Security Objects Tokenization Best Practices

1.0 Introduction

This article describes the best-practices scenario for performing API tokenization.

For detailed information about the FpeConstraints, refer to the Fortanix DSM REST API page.

2.0 API

FpeOptions::Advanced allows specifying a char_set, which is used for input decoding and output encoding. The requirement is to use one char_set for input decoding and another char_set for output encoding. The cardinality (size of alphabets) of the two character sets must be the same for every part.

2.1 Description

An AES security object is required for tokenization. The tokenization options are specified in the FPE field of SobjectRequest.
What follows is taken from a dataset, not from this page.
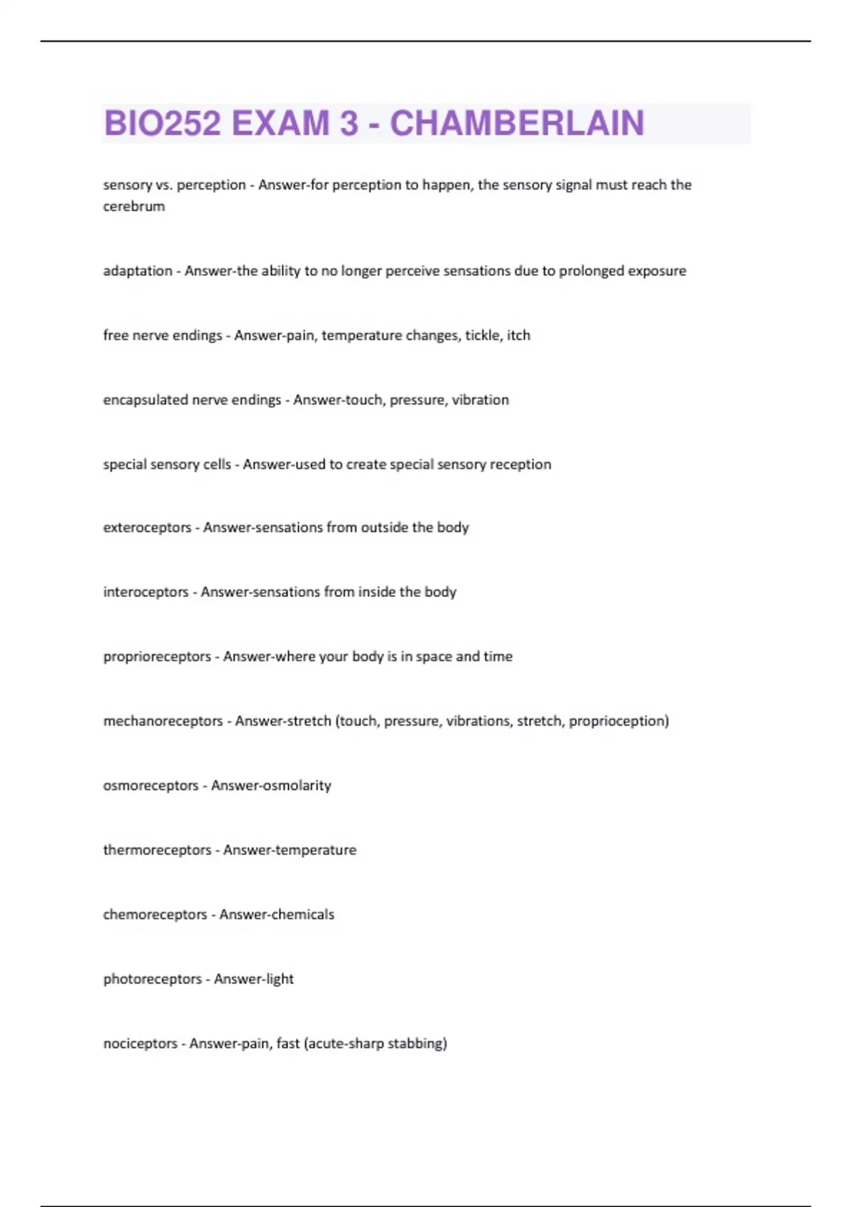 BIO252 EXAM 3 - CHAMBERLAIN QUESTIONS WITH 100 % C0RRECT ANSWERS

  • A new field, named cipher_char_set is added to FpeEncryptedPart to support specifying two character sets. The token values use the cipher_char_set alphabets and default to char_set if not specified.

  • The cipher_char_set field is used for output encoding during tokenization and input decoding during de-tokenization.

  • The specified constraints apply to both char_set and cipher_char_set alphabets. Any constraints specified must be validated to ensure that they can be applied to both of the mentioned alphabets. Otherwise, the API should respond with an appropriate error message.

2.2 Response Body

The response Sobject struct will have new fields as described above. There is no other change.

pub struct Sobject {
...
}

3.0 JSON Examples

3.1 Applying Constraints to Subparts of an OR Part

For OR parts, the applies_to field of the constraints field (if specified) cannot specify subparts of the OR to apply the constraints to. Instead, those constraints should be specified directly in those subparts themselves. Thus, the following example is incorrect:

{
"or": [
    {"literal": ["12344"]},
    {"literal": ["abcdefg"]},
    {
      "char_set": [["0", "9"]],
      "min_length": 10,
      "max_length": 10
    }
  ],
  "constraints": {
    "luhn_check": true,
    "applies_to": {
      "0": "all",
      "2": "all"
    }
  }
}

The following example is correct:

{
  "or": [
    {"literal": ["12344"]},
    {"literal": ["abcdefg"]},
    {
      "char_set": [["0", "9"]],
      "min_length": 10,
      "max_length": 10
    }
  ],
  "constraints": {
    "luhn_check": true,
    "applies_to": {
      "0": "all",
      "2": "all"
    }
  }
}

3.2 Bad Preserve or Mask-related Fields

3.2.1 Indices out-of-range

In the example below, the preserve field on the encrypted part is incorrect, due to the index -4 being out of range. (The encrypted part has a minimum length of 3, and if the input is exactly three digits long, -4 would be out of range. The fact that the maximum length is greater than 4 is irrelevant.)

{
  "char_set": [["0", "9"]],
  "min_length": 3,
  "max_length": 7,
  "preserve": [-4, -3]
}

3.2.2 Specifying Fields at Two Different “Levels”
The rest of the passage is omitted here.